Ее втолкнули в боковую дверь, повели наверх по лестнице. Потом снова толчок в спину и лязг засова. Она была в довольно большой комнате, к которой примыкало несколько маленьких и тесных камор, скорее даже ниш. И снова она догадалась, что это. Бывшее помещение архива, тоже разграбленное. Все, что имело хоть какую-то ценность, отсюда выволокли. В большой комнате на стене сохранился ковер, такой облезлый, что на него никто не польстился, некрашеный стол и разбитый сундук, в котором раньше, вероятно, хранились книги. Оконце под самым потолком было такое узкое, что даже она при своей худобе не смогла бы пролезть.
Итак, заключенная, безоружная (нож у нее отобрали сразу же) – в логове врага. Однако страх был так же неощутим, как и холод.
Она села на сундук и принялась пальцами разбирать спутанные волосы. Учитывая их обилие, это занятие могло продолжаться неопределенно долго. Но ей необходимо было чем-нибудь занять руки, чтобы освободить голову. Все, что случилось в зале, мгновенно осветилось в сознании, и она поняла, почему не испытывает страха. Торгерн. Ненависть к этому человеку (человеку?) сразу охватила все ее существо, так что для страха просто не осталось места. И Карен обрадовалась этой ненависти. Она была единственной реальностью в этом распадающемся мире. Единственной опорой. Здание жизни, любовно возводимое многие годы, обрушилось в прах. Она могла бы растеряться, впасть в отчаяние. Но тут пришла эта ненависть – легко и естественно. И Карен снова стала бодра и сильна. И напугать могла разве что легкость, с которой эта ненависть пришла. Боже мой, она, в жизни не причинившая зла ни одному живому существу, радовалась смерти человеческой! И виной – не только преступление Безухого. Нет. Влияние животной злобы, жестокости, исходящее от… того. Торгерн. Она снова вернулась к этому имени, имени, которое отныне носила ее ненависть.
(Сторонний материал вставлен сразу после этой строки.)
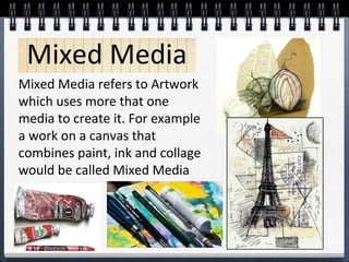 Mixed media refers to artwork created using more than one medium. For example, a work combining paint, ink, and collage on a canvas would be considered mixed media. This week, students are asked to create at least one large mixed media drawing considering shade and tone, complete a double page on a mixed media artist in their sketchbook, and optionally do additional mixed media drawings exploring their chosen theme. They may also want to start taking photographs.

О человеке она не думала. Ей не было дела до него. Она даже не заметила, как он выглядит, молод или стар, красив или безобразен. Слишком явной была сущность.
Между тем наступил вечер. Ранний зимний вечер, а она все так же сидела в полной темноте, погрузившись в свою ненависть, глубоко равнодушная ко всему остальному, в том числе и к течению времени. Из оцепенения ее вывели шаги и голоса за дверью. После долгой тишины они слышались грохотом. Да! Он не забыл прийдти лично допросить ее. Карен стиснула зубы. Усилием воли уняла биение сердца. Следует быть готовой ко всему, в том числе и к смерти, которая, видно, ходит здесь свободнее, чем на поле сражения. Смерть! Ни о каком ином выходе она не думала, ненависть парализовала ее мозг, лишив его если не силы, то быстроты мысли.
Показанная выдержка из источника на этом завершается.